64 bytes from 172.16.6.30: icmp_seq=1 ttl=64 time=1.92 ms
64 bytes from 172.16.6.30: icmp_seq=2 ttl=64 time=2.13 ms
64 bytes from 172.16.6.30: icmp_seq=3 ttl=64 time=1.92 ms
--- 172.16.6.30 ping statistics ---
3 packets transmitted, 3 received, 0% packet loss, time 2003ms
rtt min/avg/max/mdev = 1.929/1.998/2.137/0.104 ms
network@node1:~$ ping -c 3 172.16.6.40
PING 172.16.6.40 (172.16.6.40) 56(84) bytes of data.
64 bytes from 172.16.6.40: icmp_seq=1 ttl=63 time=3.67 ms
64 bytes from 172.16.6.40: icmp_seq=2 ttl=63 time=1.84 ms
64 bytes from 172.16.6.40: icmp_seq=3 ttl=63 time=3.97 ms
--- 172.16.6.40 ping statistics ---
3 packets transmitted, 3 received, 0% packet loss, time 2003ms
rtt min/avg/max/mdev = 1.844/3.162/3.973/0.942 ms
This demonstrates that our internet is working, with node1 pinging node3, via node2 (note the Time To Live (TTL) is 63 in the final ping).

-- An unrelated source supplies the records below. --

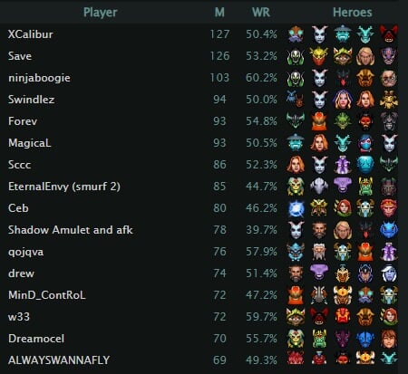 Больше пабликов, чем Сэйв, сыграл только мидер Bald Стив «Xcalibur» Йе (127 матчей, доля побед 50,4%).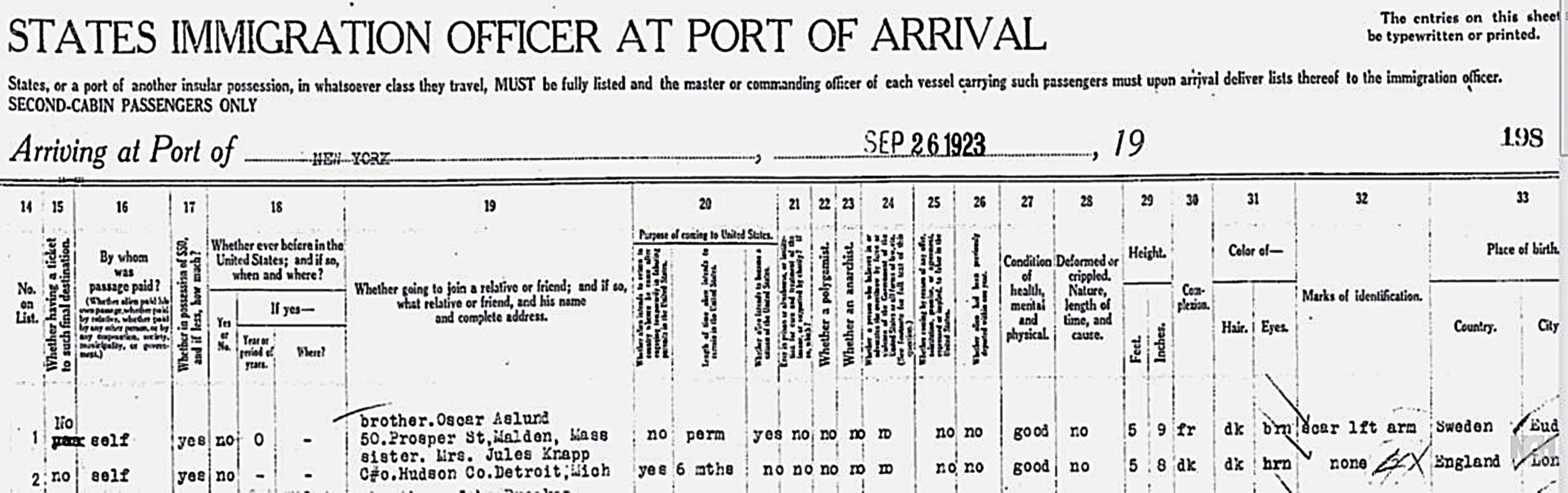 Ellis Island NYC arrival of Rose Bright to USA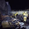 ORANGE COUNTY, CA — Orange County Fire Authority responded to a fully involved structure fire overnight in Yorba Linda on the right side of an industrial building. The fireworks apparently ignited multiple pallets creating an explosive fire, according to OCFA photos.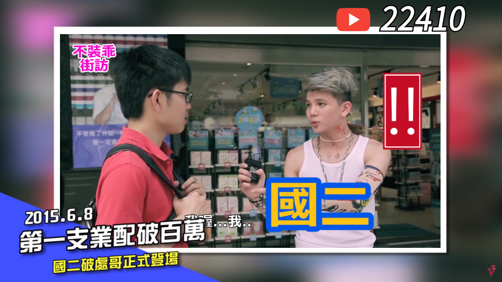 後來他們也放上第一支業配破百萬的里程碑,值得注意的是,該支影片中,正好是培根的初次登場!只見當時孫生詢問:「你對謝和弦在高一破處有什麼看法」,培根則回答:「太早了」,接著孫生再次詢問:「那你呢,你幾歲破處」,培根便直說:「國二」,讓孫生直接傻眼,笑翻粉絲,有趣的腳本設計也讓培根從此冠上「國二破處哥」的頭銜。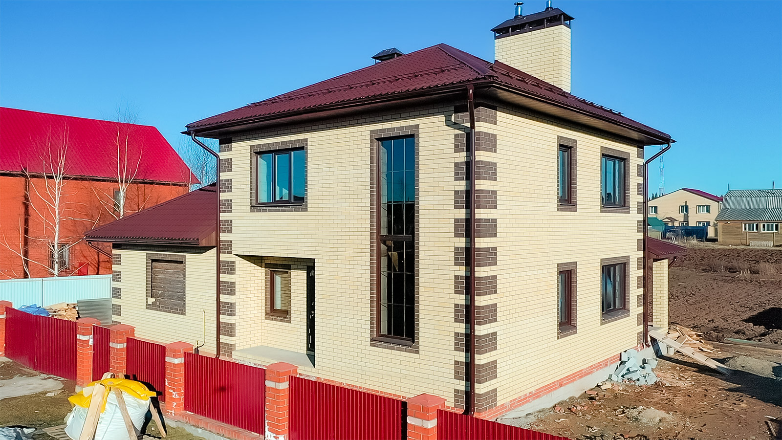 | Фасад | полуторный лицевой кирпич, металлопластиковые окна с ламинацией |

You could test with other applications, such as ssh and wget, as well if desired.
Note that the IP addresses, forwarding configuration on the router, and routing table entries are not persistent. They will be lost upon reboot. To make them persistent consider editing /etc/network/interfaces (Section 9.11.4) and /etc/sysctl.conf (Section 9.11.7). For examples of the interfaces file that sets IP addresses and routes, look inside the files on the virtnet nodes.
If you want to revert back to the previous configuration (in the case of virtnet topology 5), simply reboot the machines.